Panel Weighs In On Physician-Assisted Suicide

By Jano Tantongco

jtantongco@longislandergroup.com

Barbara Mancini, left, who was initially charged with assisted suicide for giving her dying father morphine, but was later exonerated, stands with Juli Sippel, a Stony Brook resident and advocate for aid-in-dying options. Photo/Compassion & Choices

Barbara Mancini, left, who was initially charged with assisted suicide for giving her dying father morphine, but was later exonerated, stands with Juli Sippel, a Stony Brook resident and advocate for aid-in-dying options. Photo/Compassion & Choices

As uncomfortable as the topic of death can sometimes be, a panel discussion on the issue of aid-in-dying options for the terminally ill took place at the Melville branch of the Half Hollow Hills Community Library last Thursday.

Among the panelists was Corinne Carey, the New York campaign director for nonprofit Compassion and Choices, which is promoting state legislation that would legalize the prescription aid-in-dying medication.

Carey said Compassion and Choices works to expand the “choices that exist during end of life care.” She pointed to Oregon, which legalized physician-assisted suicide in 1994, through the Death with Dignity Act. She said since that time 1,327 prescriptions were issued in the state, with one-third of them not being used at all.

“People aren't rushing out to get this,” Carey said. “There’s a lot of thought that goes into this.”
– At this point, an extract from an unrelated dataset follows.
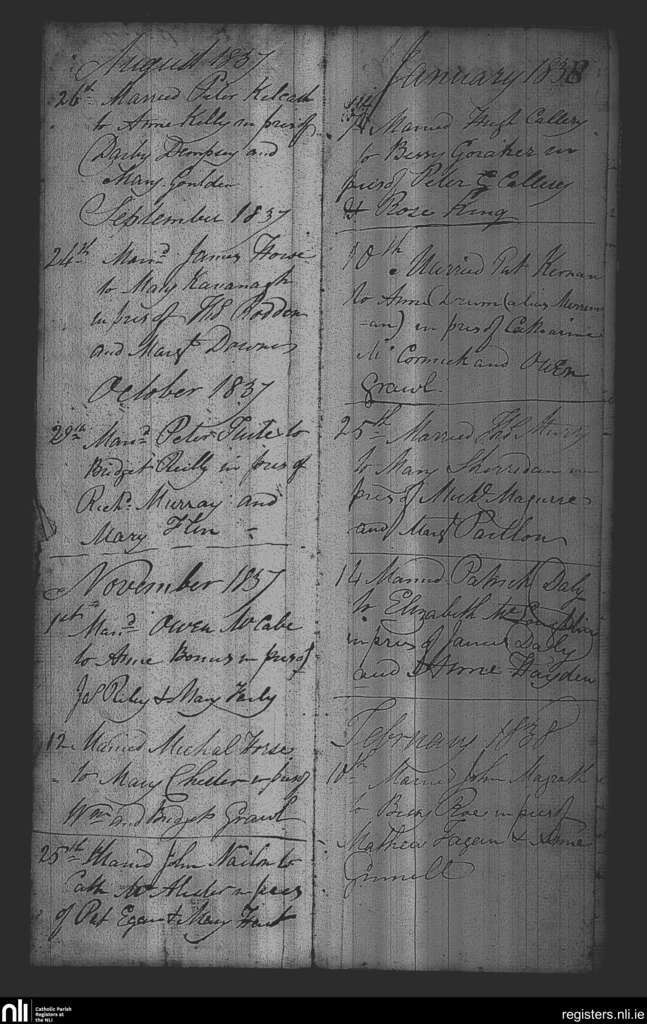 Collinstown; County of Westmeath; Diocese of Meath. Marriages, Aug. 1837 to Feb. 1838

Joan Caly, a Lloyd Harbor resident, attended last week’s panel in Melville and said she left feeling more reinforced in her support of aid-in-dying options.

“I’m almost 75. I know what happens sooner or later,” Caly said on Monday. “I want control in some way of what happens to me. I want to have a medical option to avoid a painful death.”

Caly said she was fascinated by stories told by both Carey and Barbara Mancini, another panelist, who faced felony charges of assisted suicide in Pennsylvania for handing her dying 93-year-old father a bottle of morphine. The case was later dismissed by Schuylkill County Judge Jacqueline Russell, who said that proof of intent to assist with suicide was not established by the prosecution.

“It was devastating to have this happen. It was an unjust prosecution. I was lucky that a judge recognized that,” Mancini said. “We live in a culture that's profoundly disturbed by the concept of death. Some people feel they have the right to interfere with someone's decision.”

Since Mancini’s case was dropped, she has worked to promote the legalization of aid-in-dying options for the terminally ill, including the End of Life Options Act, which was introduced in January 2015 by New York Senator Diane Savino (D-Staten Island).

The bill would allow the prescription of aid-in-dying medications for terminally ill patients with six months or less of life remaining, upon approval from two different physicians. It’s being reviewed by the Senate’s health committee.

State Assemblywoman Linda Rosenthal (D-Manhattan) has sponsored an assembly-equivalent bill being that is currently Assembly’s health committee.

Senator Savino said that she initially became interested in the issue when she campaigned for her Compassionate Care Act, the state’s medical marijuana law that was passed in 2014. In the two and a half years she spent working on the bill, she said she met many terminally ill patients who would not get to see the passage of the bill into law.

“It made me start to think about all those people who I had met along the way,” she said. “Not just for treatment, but just to have control over their own life.”

Savino said she personally wouldn’t choose to end her life prematurely if it ever got to that point, but she believes patients should have the option available to them.

“Some people are outliving themselves,” she said. “The soul may outlive the body.”